Edoardo is 3 1/2 years old. Before being diagnosed with Tango2 disease, he had three severe episodes of rhabdomyolysis (at 13, 27 and 28 months old) with cognitive and motor impairment.
Since he was 9 months old, he started showing some delays in acquiring cognitive and motor milestones. Nevertheless, he was sociable and interacted with those around him.
The first rhabdomyolysis attack occurred when he was 13 months old: very high CK levels, severe hypoanatremia and cardiac complications. We spent 3 months in the hospital undertaking all sorts of tests, without being able to find a diagnosis. We returned home hoping that this was just a one-time episode and that Edoardo would recover soon.
Back home, Edoardo slowly regained muscle tone: started crawling at 18 months, holding himself upright by clutching at a frontal support at 21 months and moving laterally at 24 months. He was producing a few sounds, without real lallation. He did not imitate adults and played in a repetitive way, without significant evolution in its complexity.
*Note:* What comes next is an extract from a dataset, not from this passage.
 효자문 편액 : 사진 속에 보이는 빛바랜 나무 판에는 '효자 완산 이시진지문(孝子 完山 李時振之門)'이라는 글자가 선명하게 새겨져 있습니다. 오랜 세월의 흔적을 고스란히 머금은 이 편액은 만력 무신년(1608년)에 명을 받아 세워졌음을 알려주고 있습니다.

At the age of 27 months, Edoardo had a 2nd episode of rhabdomyolysis (one year after the first one). This attack resembled the first one and it was treated in the same way. After 4 weeks of hospitalization, CK levels were back to normal, but he developed a viral infection: CK raised again and the heart was severely affected and experienced a cardiogenic shock (with cardiac arrest). He was in intensive care for two weeks under heavy drug treatment. A nasogastric tube was placed for feeding. Several weeks after heart failure, he slowly started to move again and regained some strength. Recovering from the second attack was extremely difficult for Edoardo and took him nearly 6 months to get back to where he was before the attack.
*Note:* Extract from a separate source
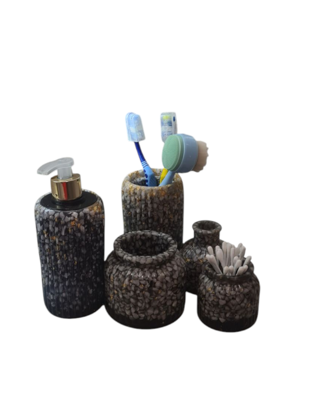 این ست شامل جامایعی +لیوان برای قرار دادن مسواک +جاصابونی +بانکه سایز بزرگ برای قرارگیری پدهای آرایش پاکن یا پنبه +بانکه کوچک برای گوش پاک کن یا خلال دندان +گلدان کوچک برای قرار دادن گل یا خوشبوکننده است که درکل شامل 6 محصول است که به صورت ست بهداشتی قابل سفارش میباشد.

Thanks to exome sequencing, we finally put a name to his disease. This was both a shock and a relief: at least we now knew what he had and we could do our best to prevent new crises.
Now, January 2018, Edoardo has progressed in both motor and cognitive aspects. He crawls, stands up and moves some steps with limited support. He does understand basic questions and replies non verbally to them. He is always happy and loves being with family and is curious about new people and things.
After all we've been through, we consider every day he is with us an invaluable gift. When he smiles he makes us forget all difficulties we faced and still have to face in the future.
We are glad we found other Tango 2 families with whom to share our experiences, joys and concerns. We are confident that together we will be able to find a cure for our children!